Supplied information:
—————
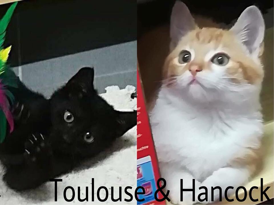 Toulouse ist immer noch etwas scheu und braucht etwas Zeit bis sie aus ihrem Versteck kommt. Aber mit viel Geduld und Futter lässt auch sie sich blicken. Sie kuschelt und spielt gerne mit ihrem Bruder Hancock.
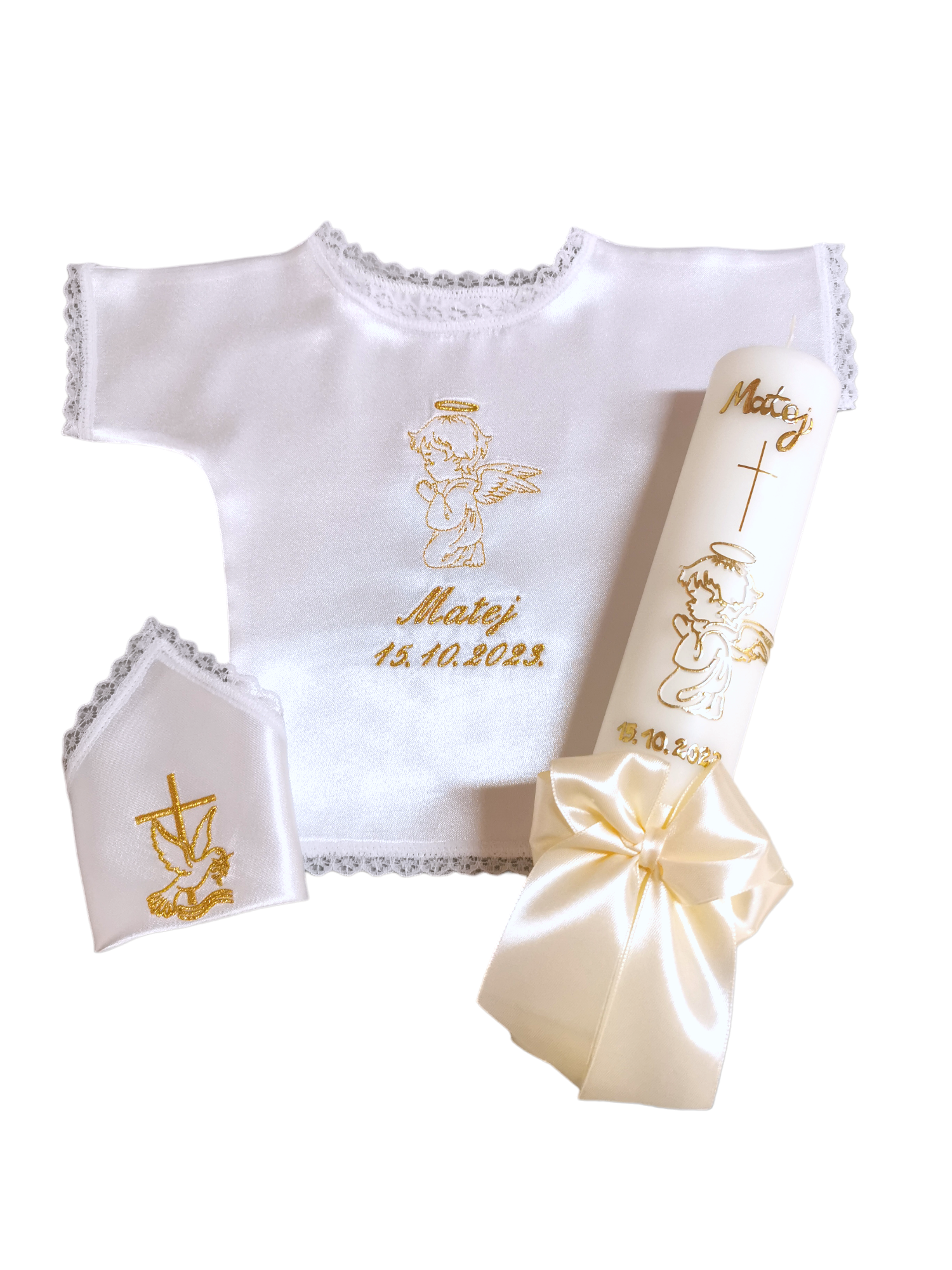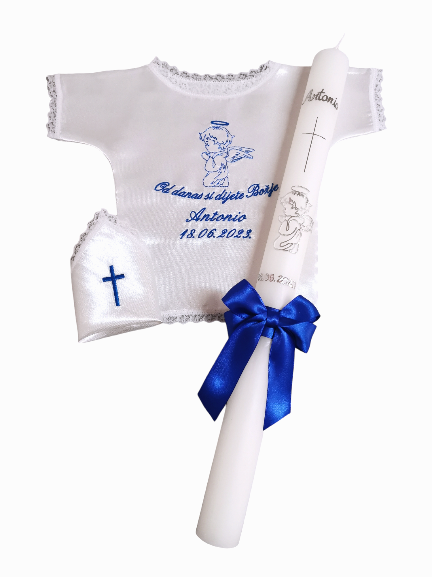 Budite spremni za velik dan Vašeg mališana. Izaberite između velike ponude krsnih kompleta ili pak izaberite svaki proizvod pojedinačno. Svi naši krsni kompleti, kao i pojedinačni proizvodi za krštenje nude velik broj opcija, od motiva, boja pa sve do natpisa. Tako možete birati razne motive na krsnim košuljicama i rupčićima, natpise različitih boja, te boje koje će se nalaziti na svijeći. Naše krsne svijeće ručni su rad, te svaka od njih može biti personalizirana i jedinstvena. Sve zbog toga kako bi Vi mogli izabrati savršen krsni komplet za Vaše dijete.
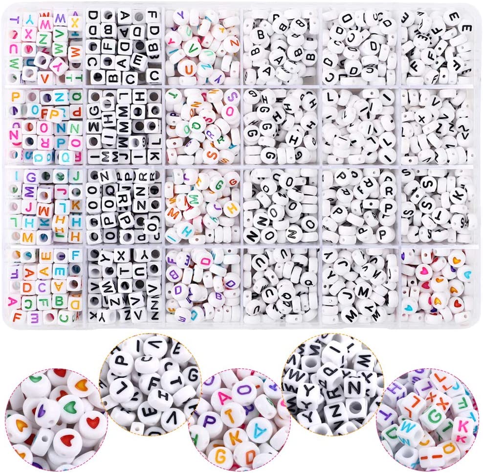 UOONY 8800pcs Beads Kit, Including 7200pcs 4mm Glass Seed Beads and 1600pcs Letter Beads for Bracelet Jewelry Making and Crafts with 20m Crystal String and 30m Elastic String
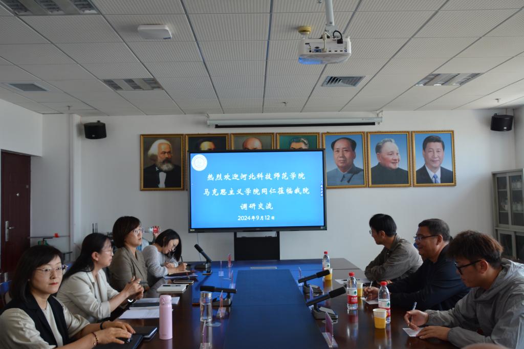 孙丽院长介绍了该院师资队伍及思政课教育教学等情况。王炳义副院长介绍了本院基本情况、思政课改革及实践教学等方面的经验做法。与会人员围绕高校思政课实践教学体系的构建及实践情况;虚拟仿真实践教学基地建设;铸牢中华民族共同体意识教育及实践教育基地建设;推进大中小学思政课一体化建设工作等方面内容进行交流研讨。
—————
Write the data above out again exactly, minus its pictures.

Solution:
 Toulouse ist immer noch etwas scheu und braucht etwas Zeit bis sie aus ihrem Versteck kommt. Aber mit viel Geduld und Futter lässt auch sie sich blicken. Sie kuschelt und spielt gerne mit ihrem Bruder Hancock.
 Budite spremni za velik dan Vašeg mališana. Izaberite između velike ponude krsnih kompleta ili pak izaberite svaki proizvod pojedinačno. Svi naši krsni kompleti, kao i pojedinačni proizvodi za krštenje nude velik broj opcija, od motiva, boja pa sve do natpisa. Tako možete birati razne motive na krsnim košuljicama i rupčićima, natpise različitih boja, te boje koje će se nalaziti na svijeći. Naše krsne svijeće ručni su rad, te svaka od njih može biti personalizirana i jedinstvena. Sve zbog toga kako bi Vi mogli izabrati savršen krsni komplet za Vaše dijete.
 UOONY 8800pcs Beads Kit, Including 7200pcs 4mm Glass Seed Beads and 1600pcs Letter Beads for Bracelet Jewelry Making and Crafts with 20m Crystal String and 30m Elastic String
 孙丽院长介绍了该院师资队伍及思政课教育教学等情况。王炳义副院长介绍了本院基本情况、思政课改革及实践教学等方面的经验做法。与会人员围绕高校思政课实践教学体系的构建及实践情况;虚拟仿真实践教学基地建设;铸牢中华民族共同体意识教育及实践教育基地建设;推进大中小学思政课一体化建设工作等方面内容进行交流研讨。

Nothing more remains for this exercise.